这是我目前所拥有的,它只能部分解决我的要求。我无法正确完成最后几个阶段:

[
  {
    "$match": {
      "timestamp": {
        "$gte": "2020-12-29T00:00:00.000Z","$lte": "2020-12-31T00:00:00.000Z"
      }
    }
  },{
    "$addFields": {
      "timestamp": {
        "$dateFromParts": {
          "year": { "$year": "$timestamp" },"month": { "$month": "$timestamp" },"day": { "$dayOfMonth": "$timestamp" }
        }
      },"dateRange": {
        "$map": {
          "input": {
            "$range": [
              0,{
                "$trunc": {
                  "$divide": [
                    {
                      "$subtract": [
                        "2020-12-31T00:00:00.000Z","2020-12-29T00:00:00.000Z"
                      ]
                    },1000
                  ]
                }
              },86400
            ]
          },"in": {
            "$add": [
              "2020-12-29T00:00:00.000Z",{ "$multiply": ["$$this",1000] }
            ]
          }
        }
      }
    }
  },{ "$unwind": "$dateRange" },{
    "$group": {
      "_id": { "date": "$dateRange","recipeId": "$recipeId" },"count": {
        "$sum": { "$cond": [{ "$eq": ["$dateRange","$timestamp"] },1,0] }
      }
    }
  },{
    "$group": {
      "_id": "$_id.date","total": { "$sum": "$count" },"byRecipeId": {
        "$push": {
          "k": { "$toString": "$_id.recipeId" },"v": { "$sum": "$count" }
        }
      }
    }
  },{ "$sort": { "_id": 1 } },{
    "$project": {
      "_id": 0,"timestamp": "$_id","total": "$total","byRecipeId": {
        "$arrayToObject": {
          "$filter": { "input": "$byRecipeId","cond": "$$this.v" }
        }
      }
    }
  }
]

导致:

[
    {
        "timestamp": "2020-12-29T00:00:00.000Z","total": 21,"byRecipeId": {}
    },{
        "timestamp": "2020-12-30T00:00:00.000Z","total": 0,"byRecipeId": {
            "15": 9,"102": 7
        }
    },{
        "timestamp": "2020-12-31T00:00:00.000Z","byRecipeId": {}
    }
]

我当然愿意接受替代解决方案。

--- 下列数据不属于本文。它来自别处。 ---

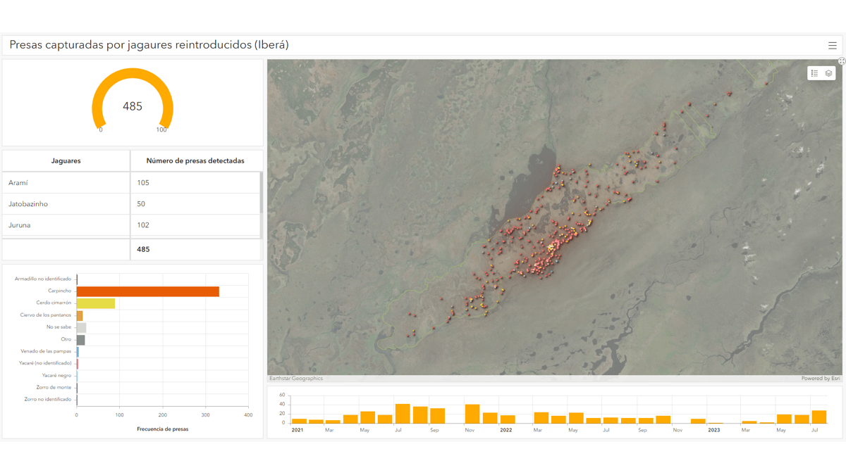 “We are using all these technologies to make the process very quick,” De Angelo said. “Every 20 days or so, we analyze everything. We go into the field to corroborate the number of animals that were the prey of the jaguars. This is useful for two main things—knowing that reintroduced jaguars are doing well and understanding their impact and role on the Iberá ecosystem.”

例如,我看到了这篇文章:https://medium.com/@alexandro.ramr777/fill-missing-values-using-mongodb-aggregation-framework-f011114e83e0 但它不涉及多维。

解决方法

您可以使用 $redcue 函数。此代码填补了当天的分钟数。应该很容易调整它以提供缺失的日子。

{
   $addFields: {
      data: {
         $reduce: {
            input: { $range: [0,24 * 60] },initialValue: [],in: {
               $let: {
                  vars: { 
                     ts: { 
                        $add: [
                           moment().startOf('day').toDate(),{ $multiply: ["$$this",1000 * 60] }
                        ] 
                     } 
                  },in: {
                     $concatArrays: [
                        "$$value",[{
                           $cond: {
                              if: { $in: ["$$ts","$data.timestamp"] },then: { 
                                 $first: { 
                                    $filter: { 
                                       input: "$data",cond: { $eq: ["$$this.timestamp","$$ts"] } 
                                    } 
                                 } 
                              },else: { timestamp: "$$ts",total: 0 }
                           }
                        }]
                     ]
                  }
               }
            }
         }
      }
   }
}

在我看来,$reduce$map 更优雅,但根据我的经验,$reduce 的性能要差得多。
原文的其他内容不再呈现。